**Task to carry out**
Reproduce every record verbatim but drop the pictures.

**Input data**
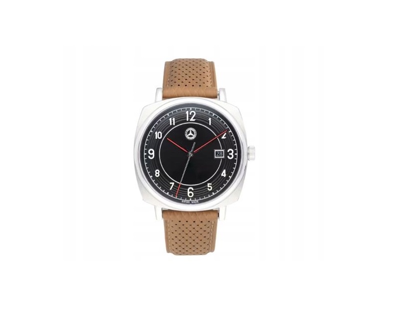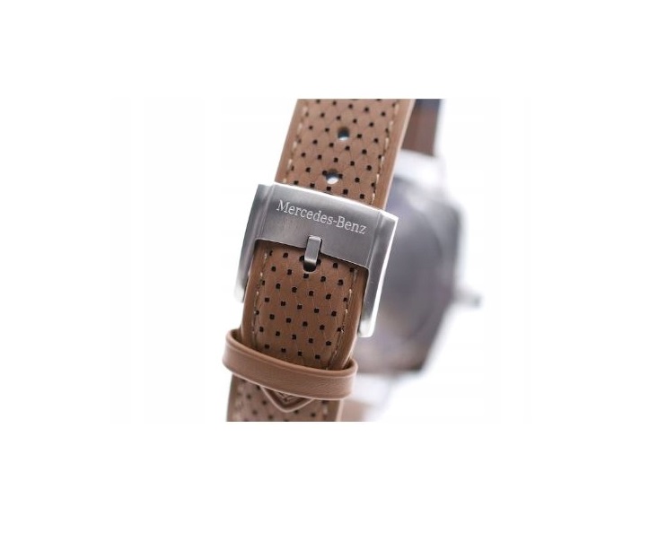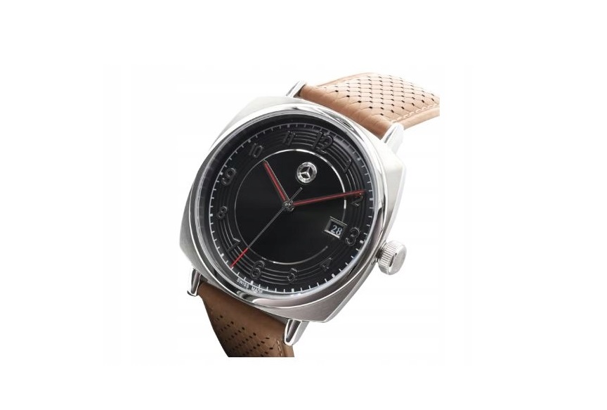Udany hołd – elegancki męski zegarek ze szwajcarskim mechanizmem kwarcowym Ronda 515 został zaprojektowany w całości w duchu klasycznego modelu Mercedes-Benz Pagoda. Elementy wzornictwa samochodowego zostały umiejętnie przełożone na świata zegarków: wygląd Pagody, z jej wyraźnymi krawędziami i miękkimi, zamaszystymi powierzchniami, został zinterpretowany w kanciastym kształcie koperty z okrągłym bezelem. Boki koperty odpowiadają kształtowi osłony chłodnicy, podczas gdy ucha bazują na kształcie reflektora. Koronka odpowiada elementom obsługi na tablicy rozdzielczej. Kolejną atrakcją jest wzorowany na zegarze Pagody cyferblat, chroniony antyrefleksyjnym szafirowym szkiełkiem. Ponadto dodano typowe elementy z ery zegarmistrzostwa lat 60-tych; w wyniku tej stylizacji a cyferblat jest wypukły w kierunku krawędzi. Oprócz wskazywania godzin, minut i sekund, zegarek ma komplikację daty. Zegarek męski jest wodoszczelny do 5 ATM. Pasek ze skóry cielęcej w kolorze koniaku z wytłoczeniami i perforacjami przypomina tapicerkę foteli legendarnej Pagody, a jednocześnie zapewnia najwyższy komfort noszenia.
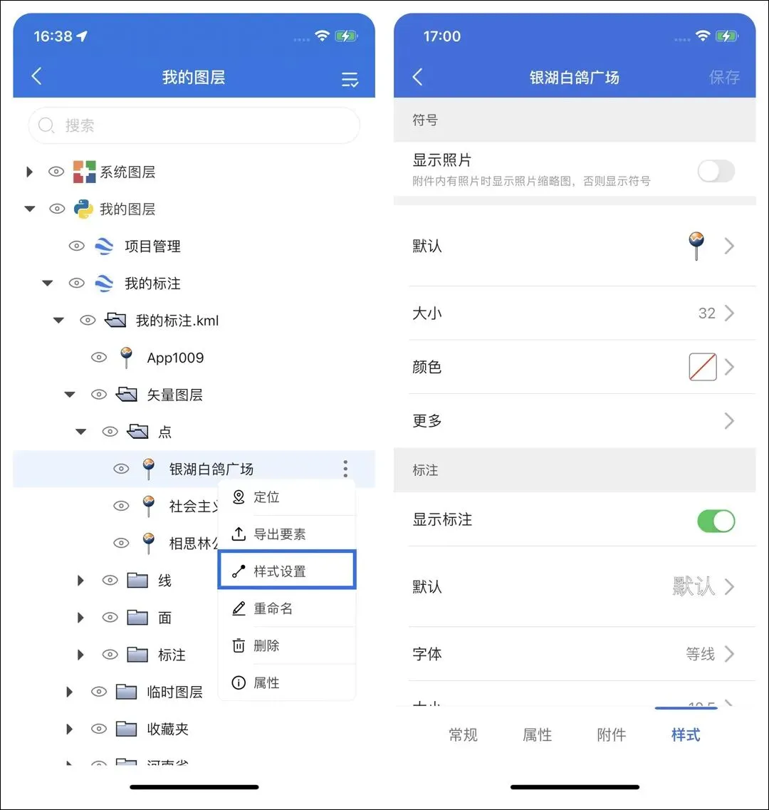 点击要素菜单按钮,点击【样式设置】跳转样式设置界面,样式界面提供符号、标注样式设置。
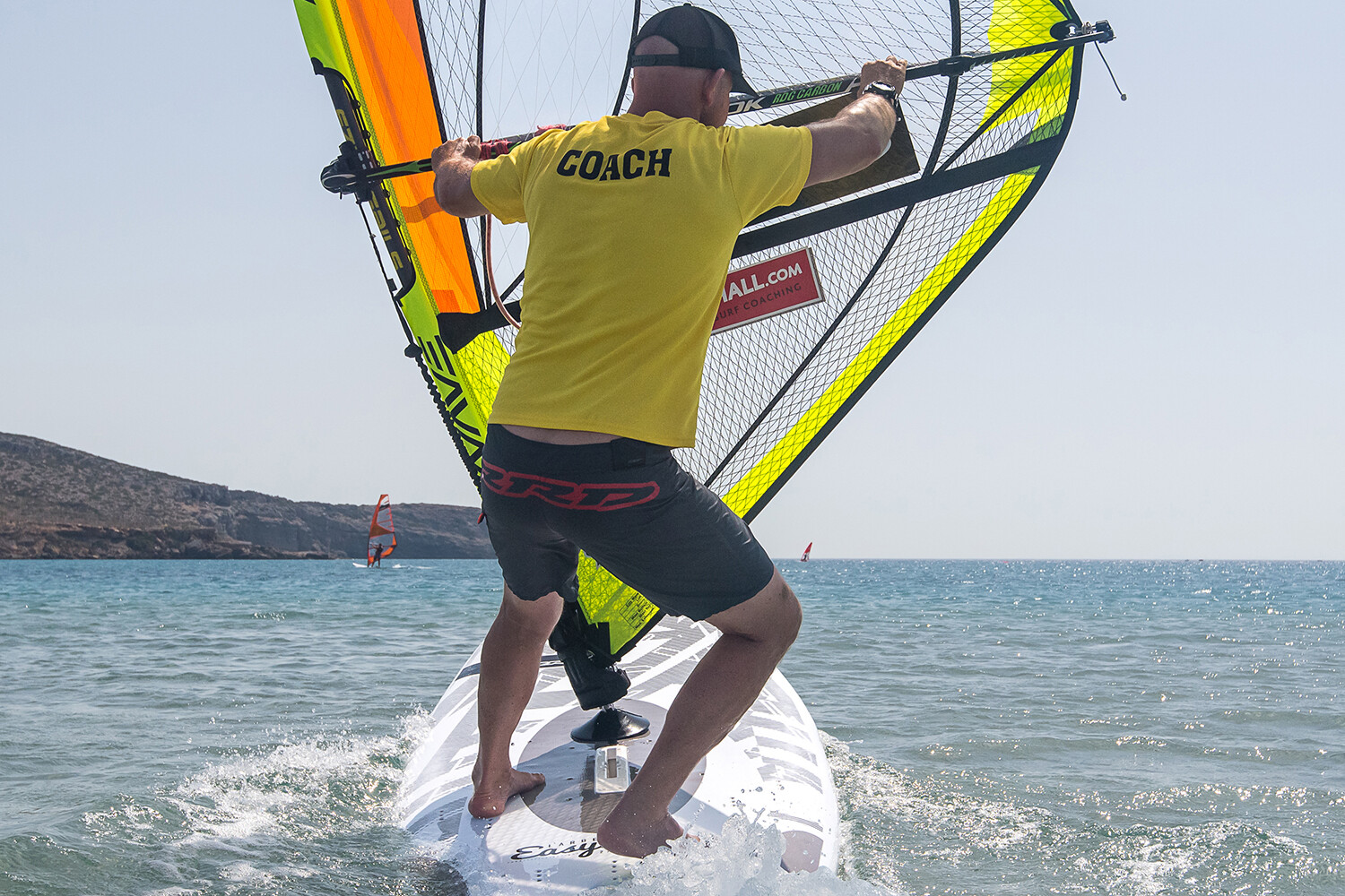 - Aggressive scissoring: turn the board up and downwind and really feel how much to use the rig, scissor your feet and counterbalance with your hips. And move your back hand for turning downwind. You will also realise how using your ‘vision’ really assists here.
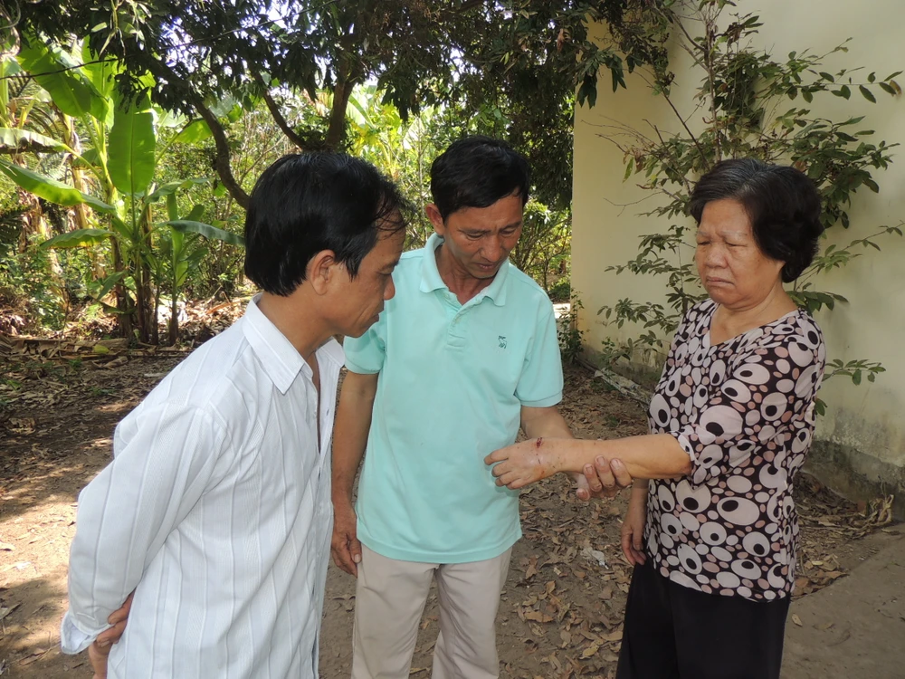 Vết thương trên cánh tay của bà Phi do chính chú khỉ mình nuôi tấn công, đang có dấu hiệu nhiễm trùng. Ảnh: T.PHÚC
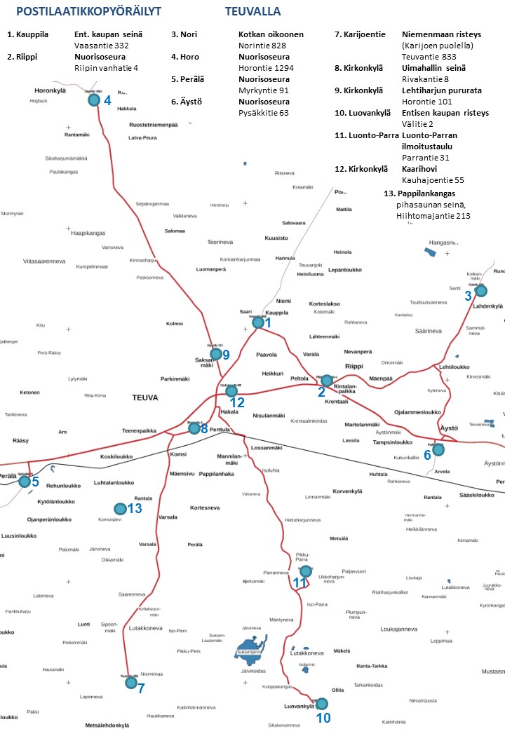 Postilaatikkopyöräilyssä on 14 postilaatikkopistettä eri puolilla Teuvaa. Kirjaa postilaatikossa olevaan vihkoon päiväys ja nimesi. Kirjaa nimesi perään ruksi, jos käytät pyöräilykypärää.
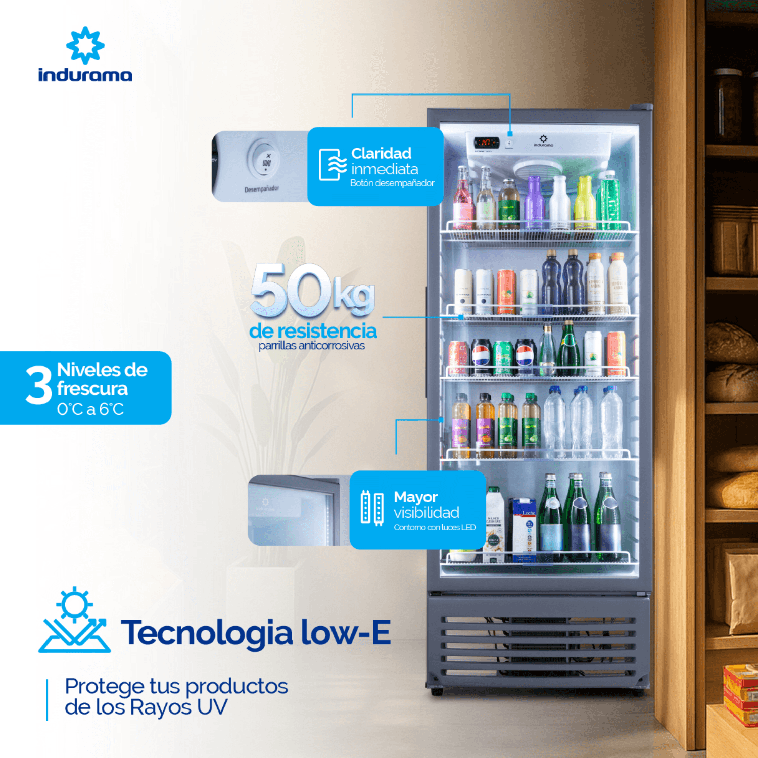 3 niveles de temperatura desde 0 °C a 6 °C
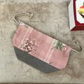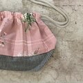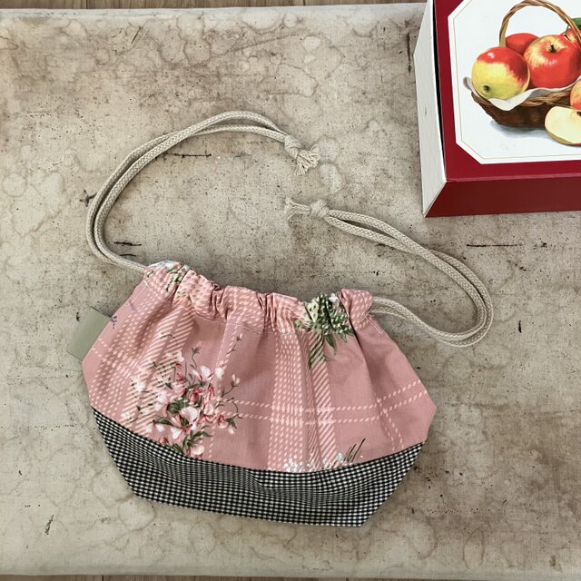 こちらはコットン素材お花模様とチェックの2トーン生地で作った巾着袋です。
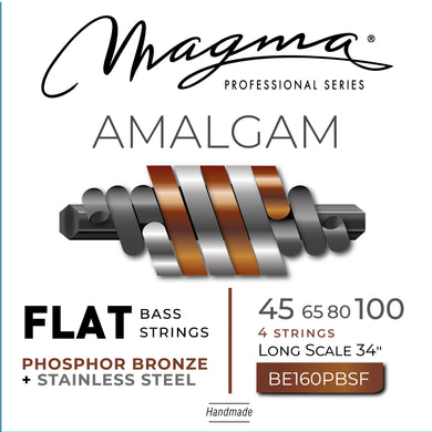 Magma Electric Bass Strings Medium Light - AMALGAM Phosphor Bronze/Stainless Steel FLAT Wound- Long Scale 34" Set, .045 - .100 (BE160PBSF) 1 Set
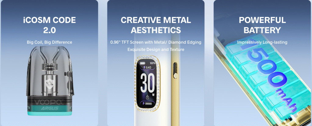 پاد آرگاس جی ۳ ووپو با بهره‌گیری از فناوری iCOSM CODE 2.0، طعم ای‌جویس را با دقت بالا و بدون افت کیفیت منتقل می‌کند. کویل‌های سری ARGUS با ساختار مش، عملکرد یکنواختی در تولید بخار و حفظ طعم دارند و برای مصرف با سالت نیکوتین یا ای‌جویس‌های معمولی بسیار مناسب هستند.
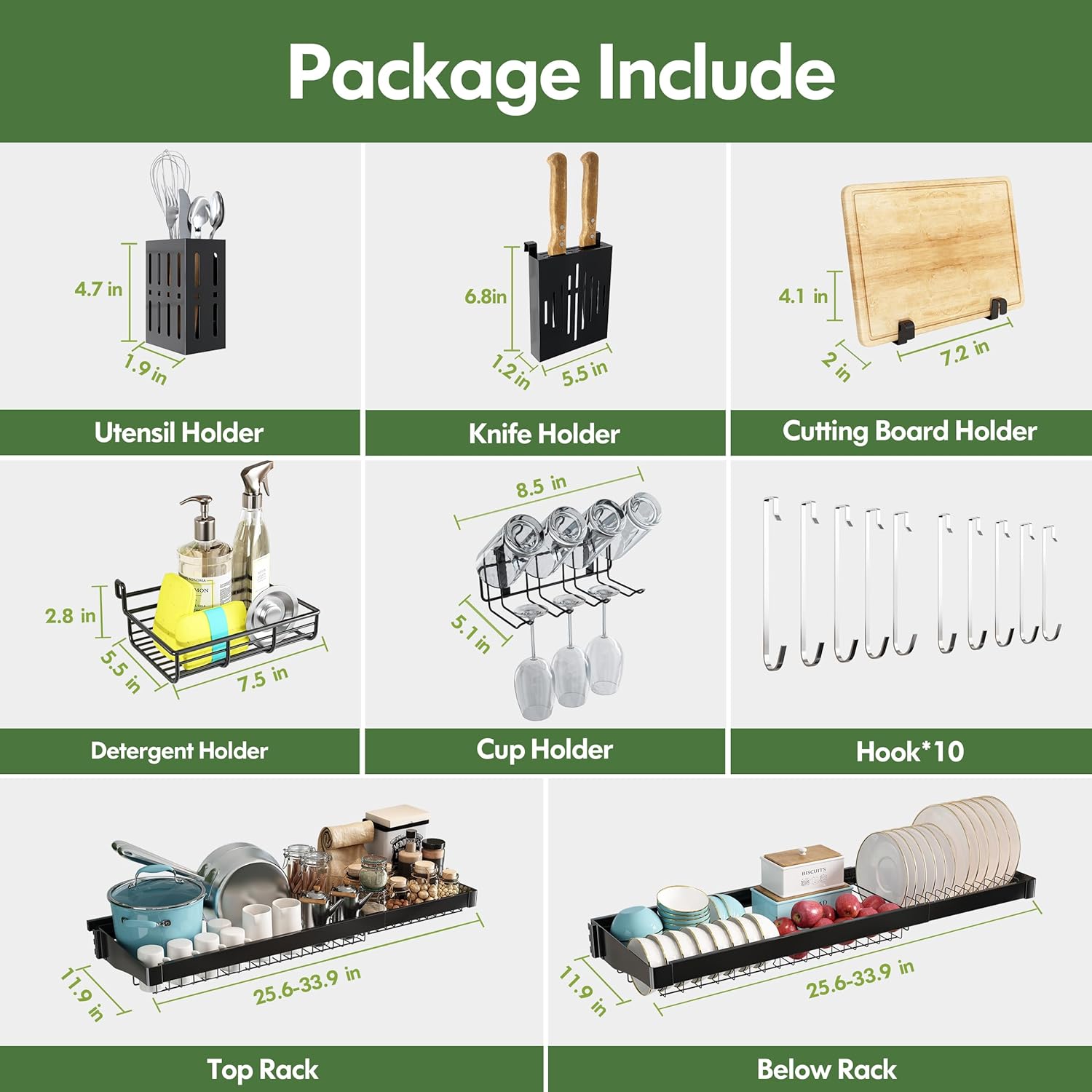 - đź§ş Multi Level Storage Efficiency: Three spacious tiers organize dishes by type, large cookwares on top, bowls and plates in the middle, while dedicated sponge holder and hanging hooks keep sponges and brushes accessible. The dish rack over sink open grid design accelerates drying by promoting airflow, reducing water spots
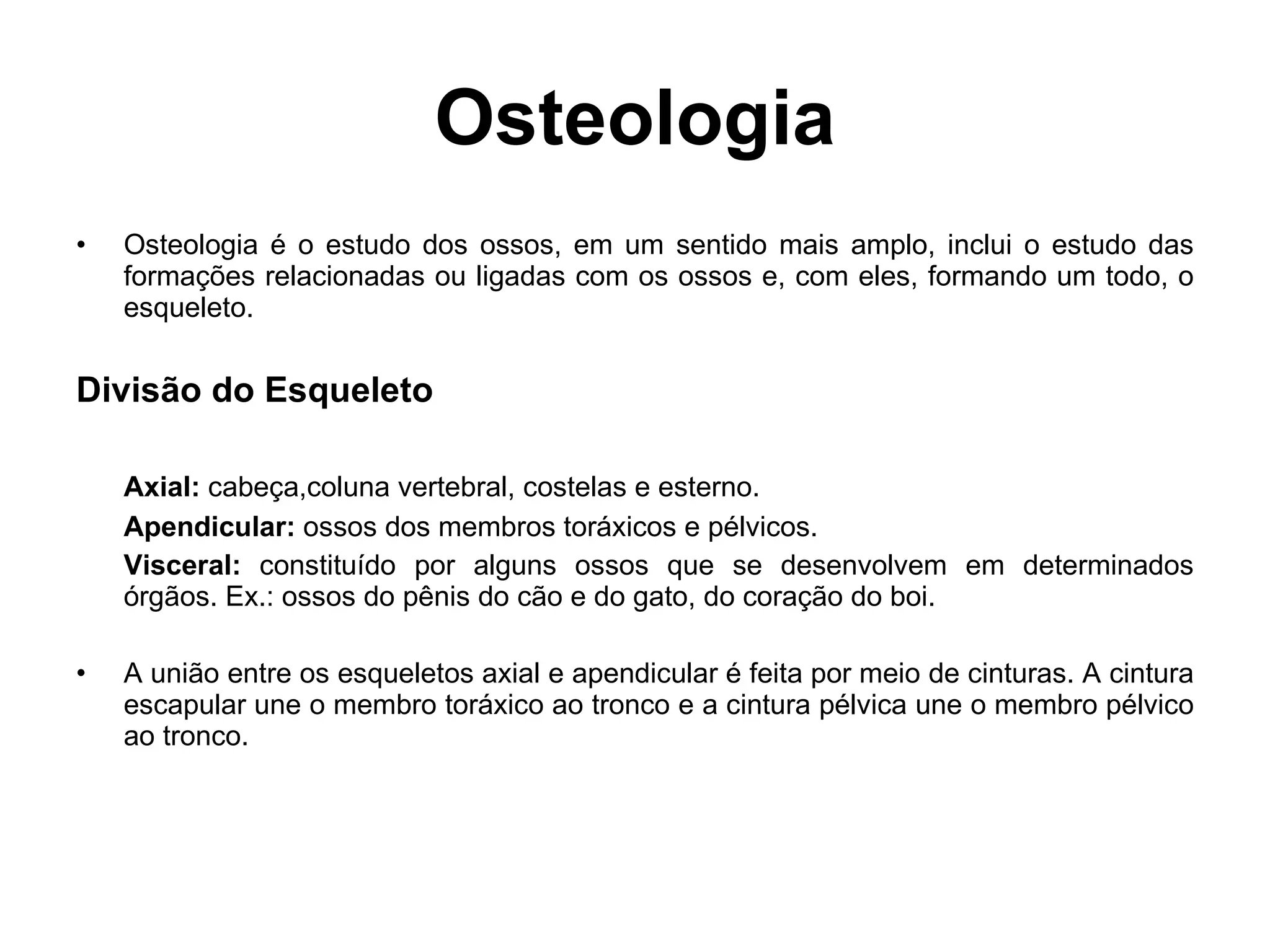 O documento descreve os principais ossos do esqueleto de animais, dividindo-os em esqueleto axial, apendicular e visceral. Detalha as principais características e partes dos ossos do crânio, como o occipital, esfenóide, etmóide, frontal e temporal, assim como ossos da face como maxilar, pré-maxilar e mandíbula. Apresenta também detalhes da coluna vertebral, cinturas escapular e pélvica e ossos dos membros.
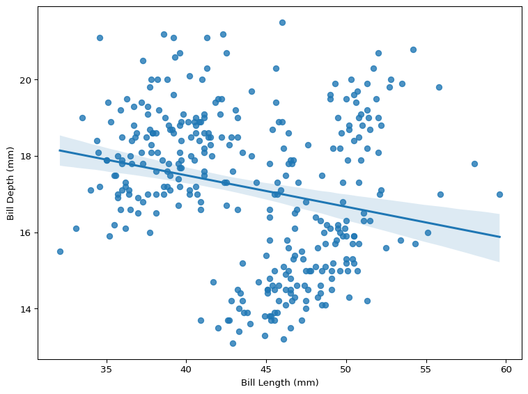 # add linear fit linesns.regplot( data=df, x='bill_len', y='bill_dep', scatter=True, ci=95)plt.xlabel('Bill Length (mm)')plt.ylabel('Bill Depth (mm)')plt.tight_layout()plt.show()
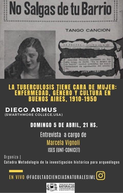 Bajo el anΓ‘lisis de canciones y en un contexto donde la enfermedad ha trascendido toda frontera y rostro para obligarnos a refugiarnos entre las paredes, Diego ArmusΒ (Swarthmore College, USA) serΓ‘ entrevistado por Marcela Vignoli (ISES UNT- CONICET) para conversar sobre la enfermedad de las heroΓnas romΓ‘nticas: la tuberculosis.Β

**Output below**
Udany hołd – elegancki męski zegarek ze szwajcarskim mechanizmem kwarcowym Ronda 515 został zaprojektowany w całości w duchu klasycznego modelu Mercedes-Benz Pagoda. Elementy wzornictwa samochodowego zostały umiejętnie przełożone na świata zegarków: wygląd Pagody, z jej wyraźnymi krawędziami i miękkimi, zamaszystymi powierzchniami, został zinterpretowany w kanciastym kształcie koperty z okrągłym bezelem. Boki koperty odpowiadają kształtowi osłony chłodnicy, podczas gdy ucha bazują na kształcie reflektora. Koronka odpowiada elementom obsługi na tablicy rozdzielczej. Kolejną atrakcją jest wzorowany na zegarze Pagody cyferblat, chroniony antyrefleksyjnym szafirowym szkiełkiem. Ponadto dodano typowe elementy z ery zegarmistrzostwa lat 60-tych; w wyniku tej stylizacji a cyferblat jest wypukły w kierunku krawędzi. Oprócz wskazywania godzin, minut i sekund, zegarek ma komplikację daty. Zegarek męski jest wodoszczelny do 5 ATM. Pasek ze skóry cielęcej w kolorze koniaku z wytłoczeniami i perforacjami przypomina tapicerkę foteli legendarnej Pagody, a jednocześnie zapewnia najwyższy komfort noszenia.
 点击要素菜单按钮,点击【样式设置】跳转样式设置界面,样式界面提供符号、标注样式设置。
 - Aggressive scissoring: turn the board up and downwind and really feel how much to use the rig, scissor your feet and counterbalance with your hips. And move your back hand for turning downwind. You will also realise how using your ‘vision’ really assists here.
 Vết thương trên cánh tay của bà Phi do chính chú khỉ mình nuôi tấn công, đang có dấu hiệu nhiễm trùng. Ảnh: T.PHÚC
 Postilaatikkopyöräilyssä on 14 postilaatikkopistettä eri puolilla Teuvaa. Kirjaa postilaatikossa olevaan vihkoon päiväys ja nimesi. Kirjaa nimesi perään ruksi, jos käytät pyöräilykypärää.
 3 niveles de temperatura desde 0 °C a 6 °C
 こちらはコットン素材お花模様とチェックの2トーン生地で作った巾着袋です。
 Magma Electric Bass Strings Medium Light - AMALGAM Phosphor Bronze/Stainless Steel FLAT Wound- Long Scale 34" Set, .045 - .100 (BE160PBSF) 1 Set
 پاد آرگاس جی ۳ ووپو با بهره‌گیری از فناوری iCOSM CODE 2.0، طعم ای‌جویس را با دقت بالا و بدون افت کیفیت منتقل می‌کند. کویل‌های سری ARGUS با ساختار مش، عملکرد یکنواختی در تولید بخار و حفظ طعم دارند و برای مصرف با سالت نیکوتین یا ای‌جویس‌های معمولی بسیار مناسب هستند.
 - đź§ş Multi Level Storage Efficiency: Three spacious tiers organize dishes by type, large cookwares on top, bowls and plates in the middle, while dedicated sponge holder and hanging hooks keep sponges and brushes accessible. The dish rack over sink open grid design accelerates drying by promoting airflow, reducing water spots
 O documento descreve os principais ossos do esqueleto de animais, dividindo-os em esqueleto axial, apendicular e visceral. Detalha as principais características e partes dos ossos do crânio, como o occipital, esfenóide, etmóide, frontal e temporal, assim como ossos da face como maxilar, pré-maxilar e mandíbula. Apresenta também detalhes da coluna vertebral, cinturas escapular e pélvica e ossos dos membros.
 # add linear fit linesns.regplot( data=df, x='bill_len', y='bill_dep', scatter=True, ci=95)plt.xlabel('Bill Length (mm)')plt.ylabel('Bill Depth (mm)')plt.tight_layout()plt.show()
 Bajo el anΓ‘lisis de canciones y en un contexto donde la enfermedad ha trascendido toda frontera y rostro para obligarnos a refugiarnos entre las paredes, Diego ArmusΒ (Swarthmore College, USA) serΓ‘ entrevistado por Marcela Vignoli (ISES UNT- CONICET) para conversar sobre la enfermedad de las heroΓnas romΓ‘nticas: la tuberculosis.Β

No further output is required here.